◆ PROBLEM TO WORK ON
Among the entries below, copy only the span from the line containing "Οι παραπάνω είναι" through the line containing "Semoga bermanfaat dan". Do so exactly, and skip the pictures.

◆ ENTRIES PROVIDED
· · · · · · ·

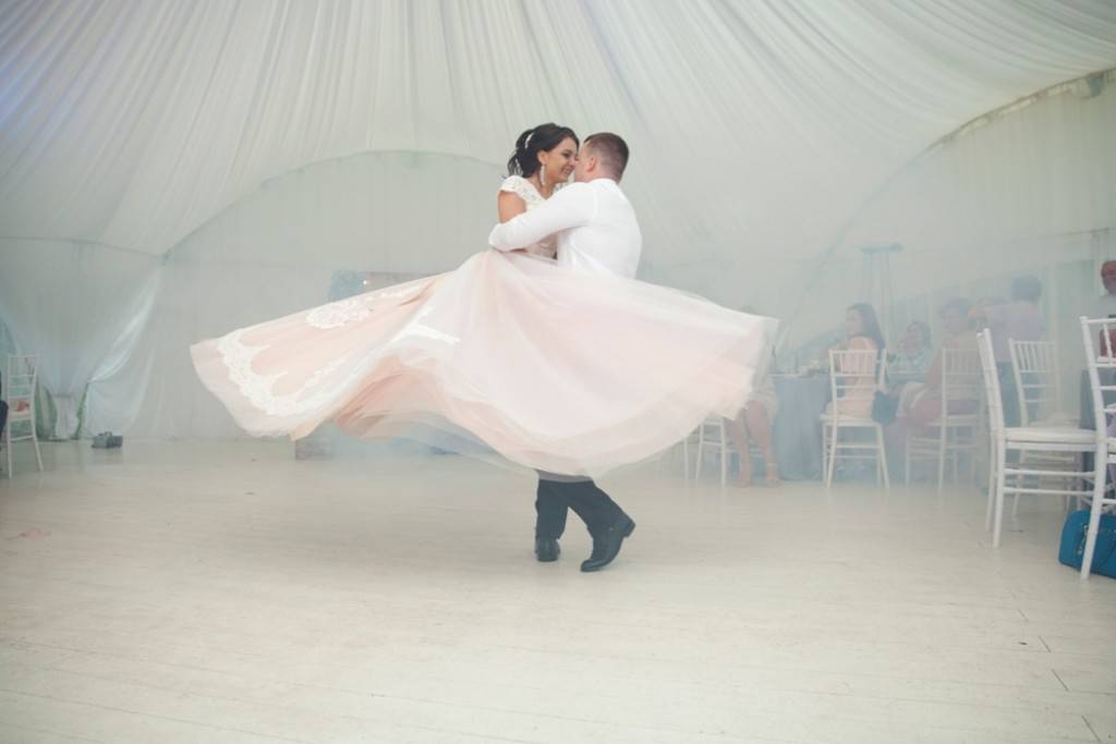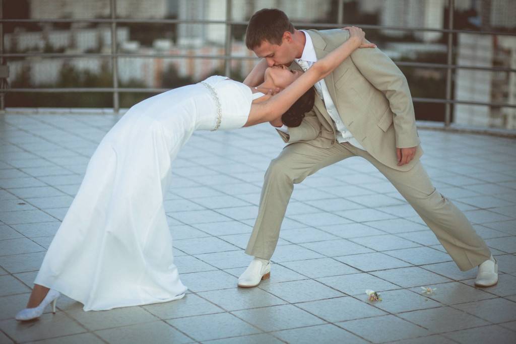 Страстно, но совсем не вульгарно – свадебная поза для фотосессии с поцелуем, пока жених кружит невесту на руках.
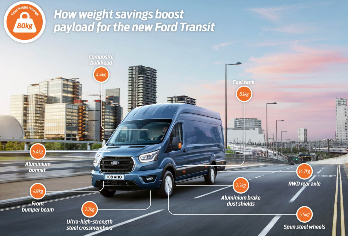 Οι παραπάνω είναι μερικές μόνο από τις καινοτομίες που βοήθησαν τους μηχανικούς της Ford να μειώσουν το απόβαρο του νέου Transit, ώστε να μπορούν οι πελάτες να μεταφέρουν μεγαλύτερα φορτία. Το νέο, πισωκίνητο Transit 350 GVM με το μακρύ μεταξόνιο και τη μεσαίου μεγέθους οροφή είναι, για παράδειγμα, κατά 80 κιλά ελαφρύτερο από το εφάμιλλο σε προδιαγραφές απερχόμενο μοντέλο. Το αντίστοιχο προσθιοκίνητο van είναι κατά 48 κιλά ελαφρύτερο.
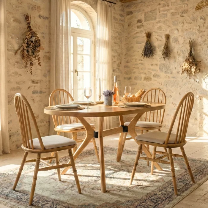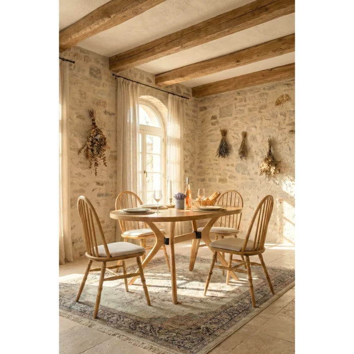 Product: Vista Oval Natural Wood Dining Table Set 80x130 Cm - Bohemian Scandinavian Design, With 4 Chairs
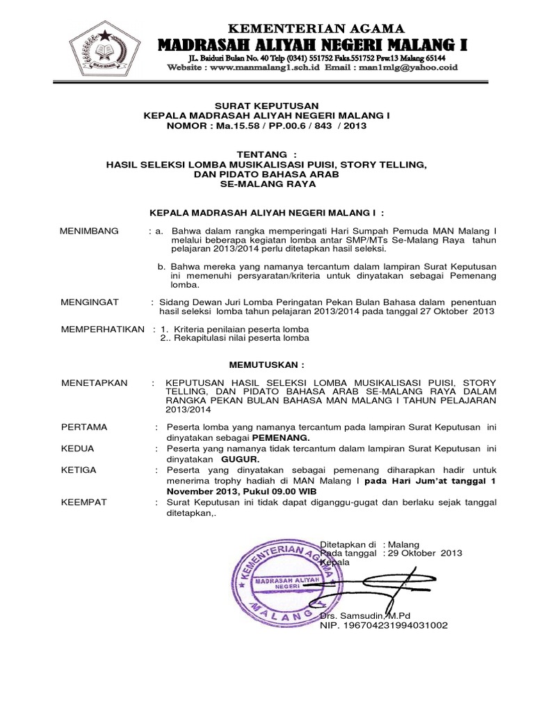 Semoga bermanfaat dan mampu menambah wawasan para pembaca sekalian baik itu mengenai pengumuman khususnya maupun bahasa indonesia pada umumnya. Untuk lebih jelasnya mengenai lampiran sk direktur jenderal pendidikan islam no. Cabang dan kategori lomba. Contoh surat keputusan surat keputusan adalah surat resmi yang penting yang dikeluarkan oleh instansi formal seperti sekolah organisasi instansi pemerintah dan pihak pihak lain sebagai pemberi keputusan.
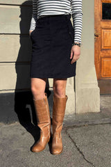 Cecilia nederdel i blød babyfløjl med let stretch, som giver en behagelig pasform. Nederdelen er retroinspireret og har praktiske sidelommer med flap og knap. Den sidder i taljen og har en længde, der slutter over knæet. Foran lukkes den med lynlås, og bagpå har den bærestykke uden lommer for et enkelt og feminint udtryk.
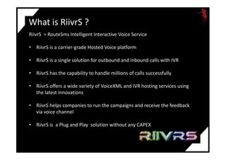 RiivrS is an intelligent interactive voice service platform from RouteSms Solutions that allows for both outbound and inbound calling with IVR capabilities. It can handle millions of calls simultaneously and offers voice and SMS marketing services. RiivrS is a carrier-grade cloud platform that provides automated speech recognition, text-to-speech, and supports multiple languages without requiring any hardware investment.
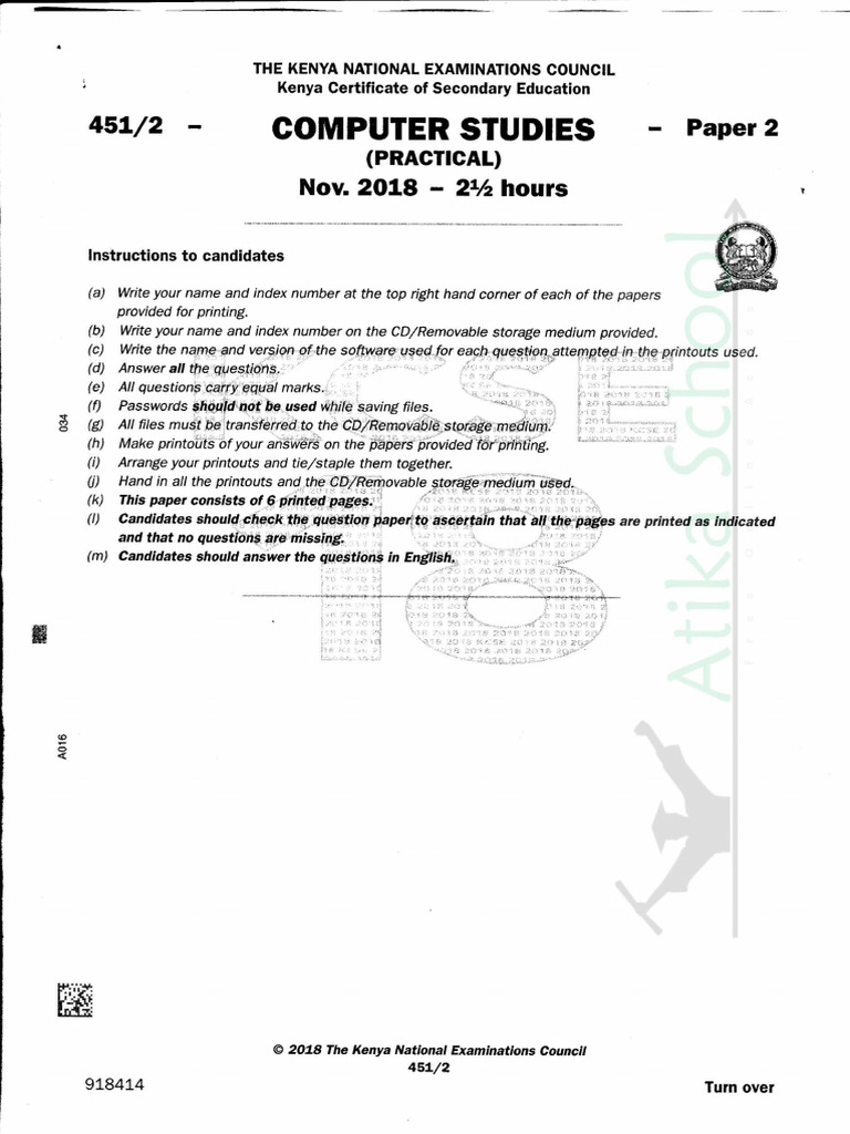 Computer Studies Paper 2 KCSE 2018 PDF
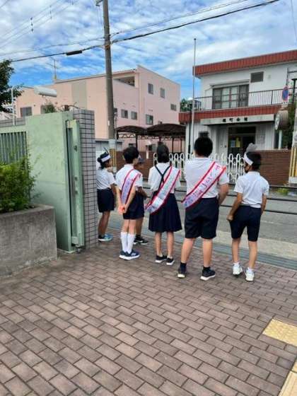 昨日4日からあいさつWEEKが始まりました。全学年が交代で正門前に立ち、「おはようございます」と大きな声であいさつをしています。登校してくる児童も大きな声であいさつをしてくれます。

· · · · · · ·

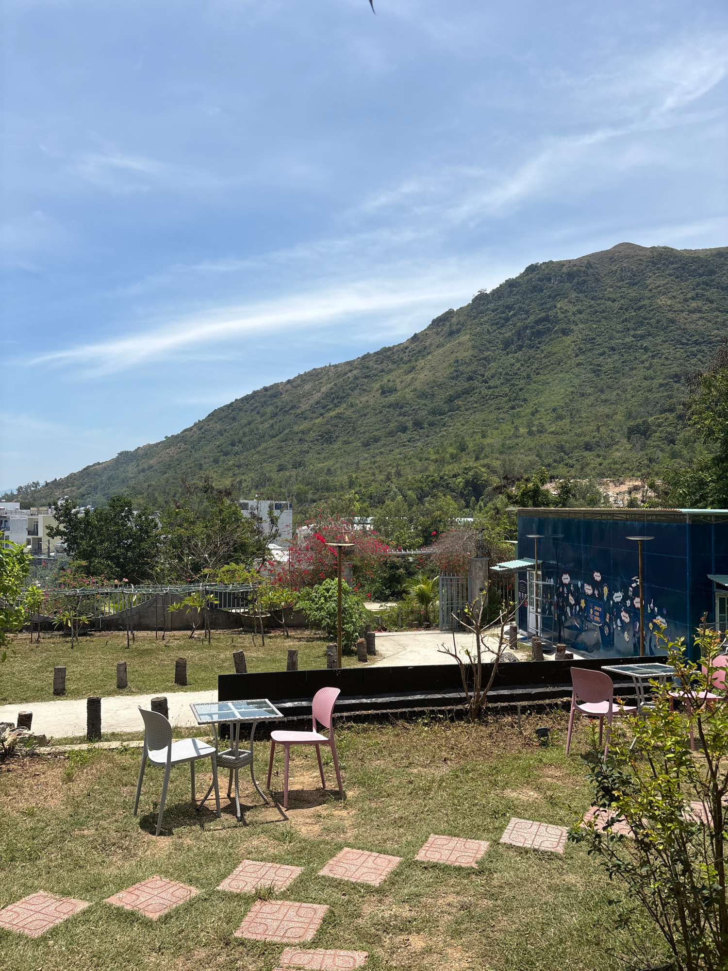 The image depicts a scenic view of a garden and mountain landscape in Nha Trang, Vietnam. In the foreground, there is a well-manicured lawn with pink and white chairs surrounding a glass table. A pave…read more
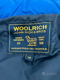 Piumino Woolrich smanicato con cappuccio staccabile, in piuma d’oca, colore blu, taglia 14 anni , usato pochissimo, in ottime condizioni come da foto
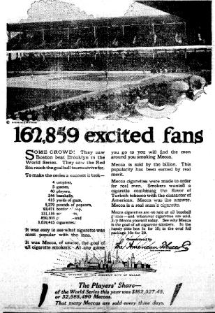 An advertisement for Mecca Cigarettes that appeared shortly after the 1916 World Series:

· · · · · · ·

◆ TASK ANSWER
 Οι παραπάνω είναι μερικές μόνο από τις καινοτομίες που βοήθησαν τους μηχανικούς της Ford να μειώσουν το απόβαρο του νέου Transit, ώστε να μπορούν οι πελάτες να μεταφέρουν μεγαλύτερα φορτία. Το νέο, πισωκίνητο Transit 350 GVM με το μακρύ μεταξόνιο και τη μεσαίου μεγέθους οροφή είναι, για παράδειγμα, κατά 80 κιλά ελαφρύτερο από το εφάμιλλο σε προδιαγραφές απερχόμενο μοντέλο. Το αντίστοιχο προσθιοκίνητο van είναι κατά 48 κιλά ελαφρύτερο.
 Product: Vista Oval Natural Wood Dining Table Set 80x130 Cm - Bohemian Scandinavian Design, With 4 Chairs
 Semoga bermanfaat dan mampu menambah wawasan para pembaca sekalian baik itu mengenai pengumuman khususnya maupun bahasa indonesia pada umumnya. Untuk lebih jelasnya mengenai lampiran sk direktur jenderal pendidikan islam no. Cabang dan kategori lomba. Contoh surat keputusan surat keputusan adalah surat resmi yang penting yang dikeluarkan oleh instansi formal seperti sekolah organisasi instansi pemerintah dan pihak pihak lain sebagai pemberi keputusan.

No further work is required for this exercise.